Je compte prendre tous les moyens convenables pour que le locataire en devienne le
propriétaire aussi vite que possible.
Oui. Mais, en pratique ?
Prenons un exemple fort simple : celui d’un locataire recommandable mais ne possédant
absolument rien. Voici le langage que je lui tiens : le terrain vous est loué à 3%, soit 45
fr. La maison vous est louée à 5%. Comme elle coûte 1000 fr, elle vous est donnée à bail
pour 50 francs par an, soit un loyer total annuel de 95 fr.

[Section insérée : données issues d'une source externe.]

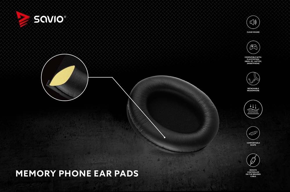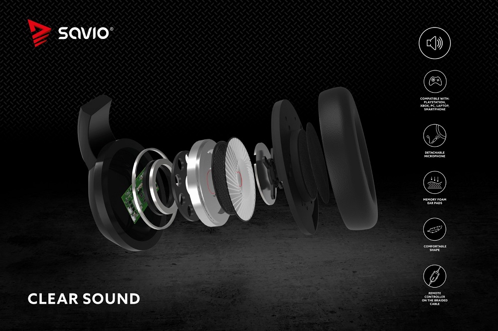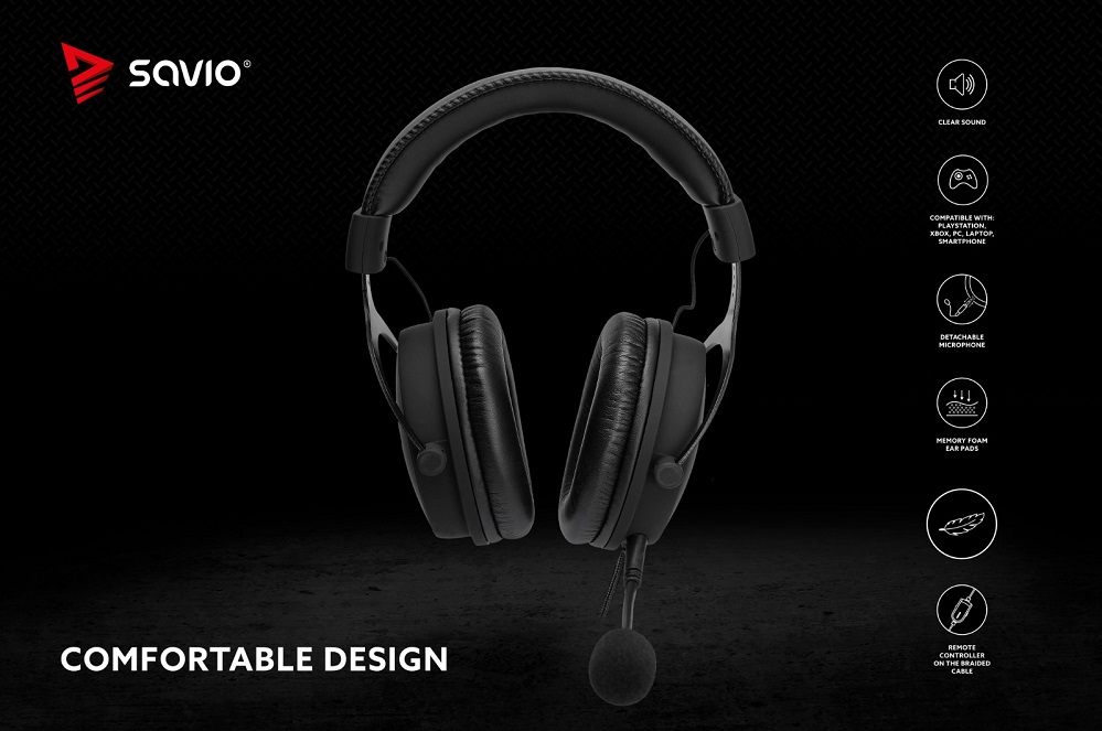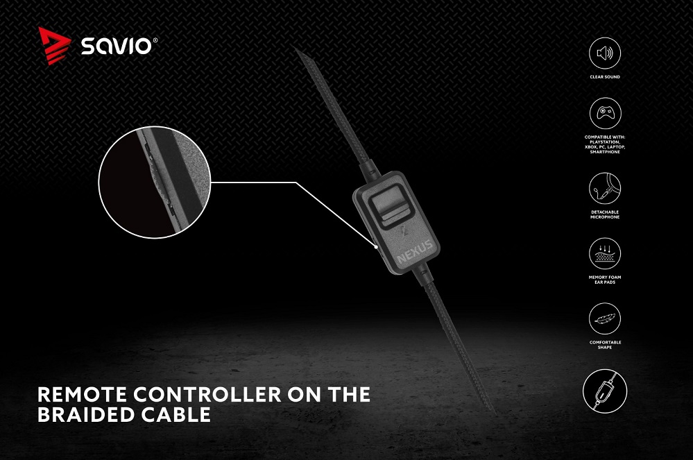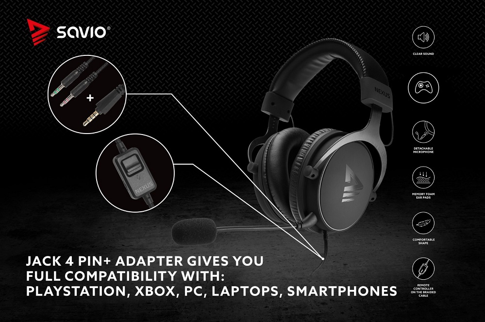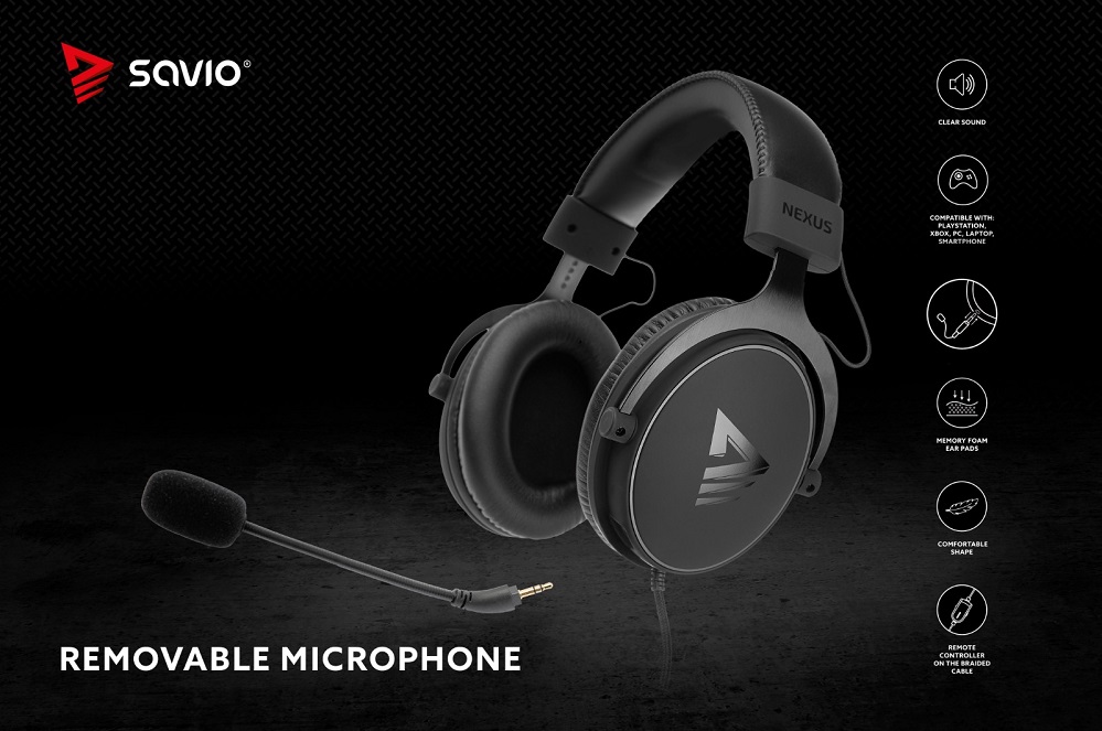 Casti Gaming Profesionale Savio NEXUS, compatibil cu XBOX, PlayStation, PC, Smartphone, Clear Sound, telecomanda pe fir, microfon detasabil, membrana din spuma cu memorie

Et comme je veux que vous
acquerriez non pas le terrain mais seulement la maison, chaque fois que vous me
verserez 100 francs sur la maison, votre loyer annuel diminuera de 5 francs.
Or, un ménage ouvrier, à Dunkerque, ne peut pas se loger à moins de 200 francs par an.
Je lui donne un loyer total de maison et jardin ne s’élevant au maximum qu’à 95 francs.
C’est un premier avantage.
Mon locataire dispose en outre d’un jardin situé à sa porte. Or, un pareil jardin ne peut
pas rapporter moins de 150 fr de légumes par an, en n’y mettant même que de gros
légumes, pommes de terre, choux, carottes, oignons. Donc le produit du jardin arrive à
payer et la location du jardin et la location avec amortissement rapide de la maison.
Voilà les avantages de la combinaison.
Plus tard, l’ouvrier se débrouillera. Si la maison ne lui plaît pas il l’agrandira, il en fera
tout ce qu’il voudra, ça m’est égal. Quel est mon but ? Faire un propriétaire. Mon but
sera atteint pour l’ouvrier en question ; je n’aurai qu’à recommencer avec un autre. Car
je capitalise tous les intérêts qui me seront versés, et, dès que j’ai une somme suffisante,
je recommence ailleurs. D’ailleurs, croyez-vous qu’il ne m’arrivera pas d’argent, ou
que d’autres personnes n’agiront pas comme moi ? Je connais déjà une dame qui se
propose de copier mes deux jardins à bâtir. Quand, il y a 9 ans, j’ai fait mes premiers
jardins ouvriers, combien y en avait-il dans le Nord ? Pas un ! Il y en a aujourd’hui plus
de 1500 ! Ce sera la même chose pour nos maisons.
Je conclurai donc en émettant les vœux suivants :
Qu’il soit créé, à proximité des villes, des jardins ouvriers,
d’environ 500 mètres à louer pour bâtir des habitations ouvrières
industrielles (baux à long terme) ;
Qu’il soit créé, dans les campagnes, des coins de terre,
2°
d’au moins 24 ares, à louer pour bâtir des habitations ouvrières
agricoles (baux à long terme, système de Fort-Mardyck).